- Exercise description
Using the listing below, set down exactly the lines from the one that contains "Несмотря на кажущуюся" through the one that contains "Модель у пастельному", with no pictures.

Start of Data extracts

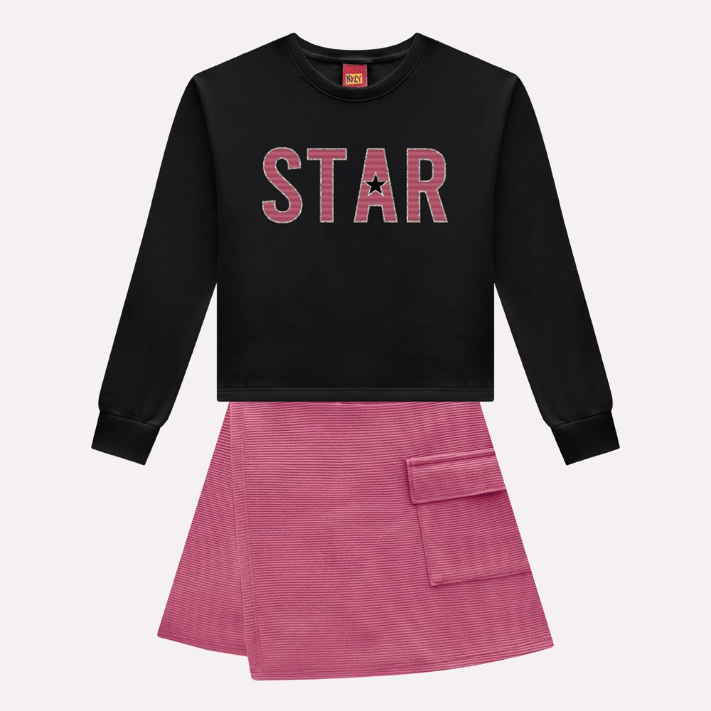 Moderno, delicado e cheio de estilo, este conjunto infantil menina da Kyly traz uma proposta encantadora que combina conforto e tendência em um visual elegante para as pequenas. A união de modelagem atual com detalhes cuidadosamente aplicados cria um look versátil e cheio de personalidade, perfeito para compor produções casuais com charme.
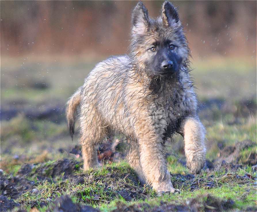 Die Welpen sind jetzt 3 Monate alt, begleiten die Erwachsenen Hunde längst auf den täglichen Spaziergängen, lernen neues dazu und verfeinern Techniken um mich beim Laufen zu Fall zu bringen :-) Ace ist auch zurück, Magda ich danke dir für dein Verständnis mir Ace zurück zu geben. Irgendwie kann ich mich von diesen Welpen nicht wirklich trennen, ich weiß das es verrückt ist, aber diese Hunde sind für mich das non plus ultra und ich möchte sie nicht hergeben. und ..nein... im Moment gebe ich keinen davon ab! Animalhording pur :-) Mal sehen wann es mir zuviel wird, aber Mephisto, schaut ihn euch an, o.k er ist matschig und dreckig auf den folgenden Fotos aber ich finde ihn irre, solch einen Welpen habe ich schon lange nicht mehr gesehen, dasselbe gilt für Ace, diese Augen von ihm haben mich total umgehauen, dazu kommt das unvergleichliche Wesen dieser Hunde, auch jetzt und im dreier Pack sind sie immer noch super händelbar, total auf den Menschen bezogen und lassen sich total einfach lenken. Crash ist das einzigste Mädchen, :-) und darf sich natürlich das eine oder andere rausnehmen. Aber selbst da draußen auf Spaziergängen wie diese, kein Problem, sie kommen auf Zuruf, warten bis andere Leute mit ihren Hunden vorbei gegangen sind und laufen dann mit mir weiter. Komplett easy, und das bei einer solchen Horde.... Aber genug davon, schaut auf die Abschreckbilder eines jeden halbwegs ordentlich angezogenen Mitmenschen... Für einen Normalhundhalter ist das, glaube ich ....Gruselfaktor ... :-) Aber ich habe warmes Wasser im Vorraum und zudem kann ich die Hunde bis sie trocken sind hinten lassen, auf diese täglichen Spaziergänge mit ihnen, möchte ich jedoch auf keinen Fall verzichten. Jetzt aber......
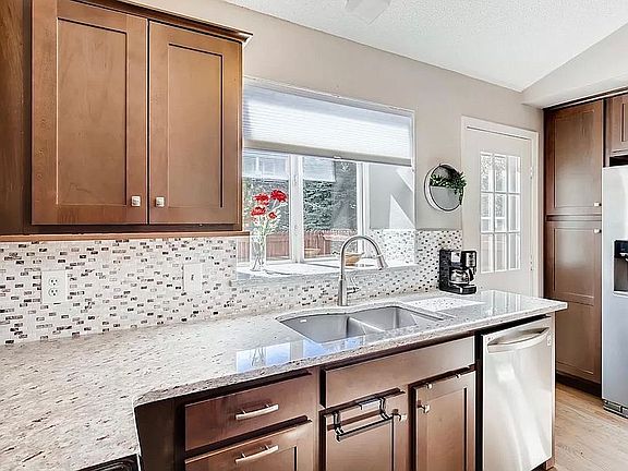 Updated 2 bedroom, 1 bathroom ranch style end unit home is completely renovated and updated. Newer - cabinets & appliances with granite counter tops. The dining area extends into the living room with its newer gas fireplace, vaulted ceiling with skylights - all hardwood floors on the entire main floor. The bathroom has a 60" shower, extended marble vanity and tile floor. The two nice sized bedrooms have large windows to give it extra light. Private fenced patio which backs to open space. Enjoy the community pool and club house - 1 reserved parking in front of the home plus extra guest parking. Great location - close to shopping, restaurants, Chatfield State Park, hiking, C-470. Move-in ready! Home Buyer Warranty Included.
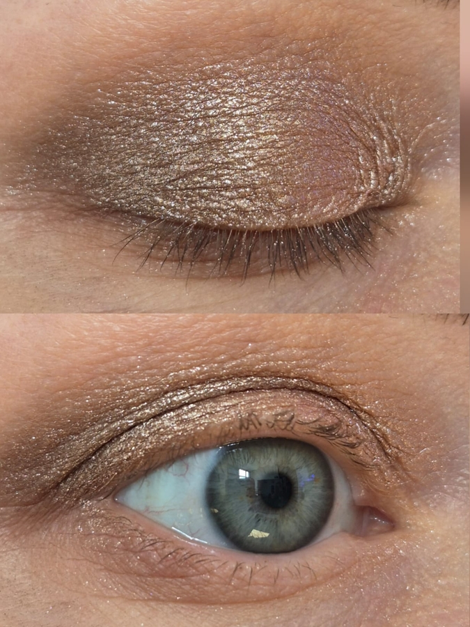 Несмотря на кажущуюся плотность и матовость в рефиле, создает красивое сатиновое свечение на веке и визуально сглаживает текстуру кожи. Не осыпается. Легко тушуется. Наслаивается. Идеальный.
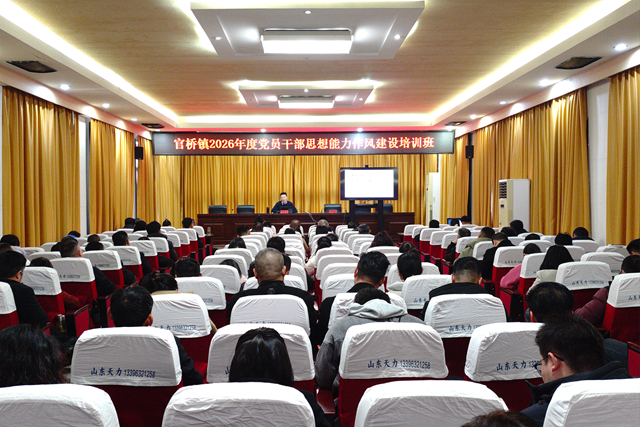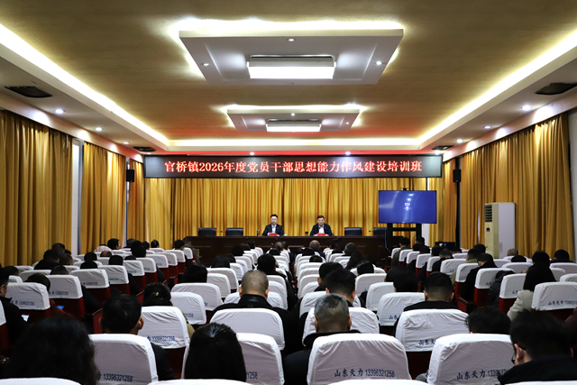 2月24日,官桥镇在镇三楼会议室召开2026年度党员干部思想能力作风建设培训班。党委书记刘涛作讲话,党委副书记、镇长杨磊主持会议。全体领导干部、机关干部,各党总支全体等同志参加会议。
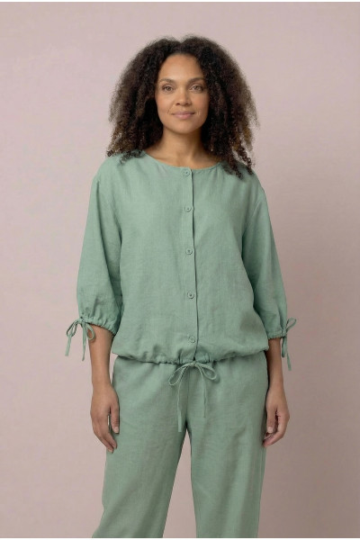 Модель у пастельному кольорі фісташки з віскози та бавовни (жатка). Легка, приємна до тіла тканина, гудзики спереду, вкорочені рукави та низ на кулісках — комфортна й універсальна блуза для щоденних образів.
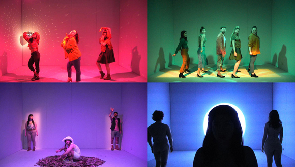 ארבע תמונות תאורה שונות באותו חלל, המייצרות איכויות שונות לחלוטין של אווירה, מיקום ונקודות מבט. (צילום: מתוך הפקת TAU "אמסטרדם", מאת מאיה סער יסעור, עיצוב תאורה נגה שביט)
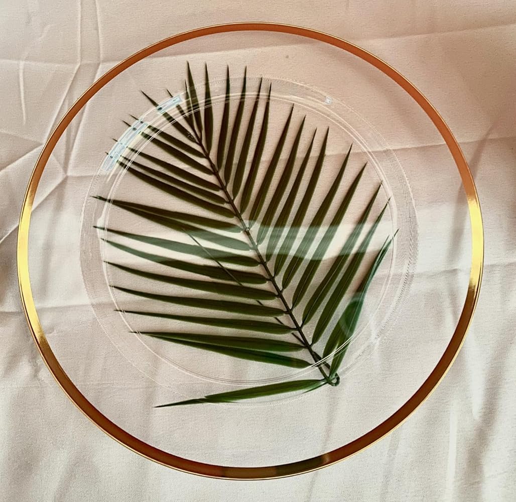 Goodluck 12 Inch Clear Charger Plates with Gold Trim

End of Data extracts

- Answer to this exercise
 Несмотря на кажущуюся плотность и матовость в рефиле, создает красивое сатиновое свечение на веке и визуально сглаживает текстуру кожи. Не осыпается. Легко тушуется. Наслаивается. Идеальный.
 2月24日,官桥镇在镇三楼会议室召开2026年度党员干部思想能力作风建设培训班。党委书记刘涛作讲话,党委副书记、镇长杨磊主持会议。全体领导干部、机关干部,各党总支全体等同志参加会议。
 Модель у пастельному кольорі фісташки з віскози та бавовни (жатка). Легка, приємна до тіла тканина, гудзики спереду, вкорочені рукави та низ на кулісках — комфортна й універсальна блуза для щоденних образів.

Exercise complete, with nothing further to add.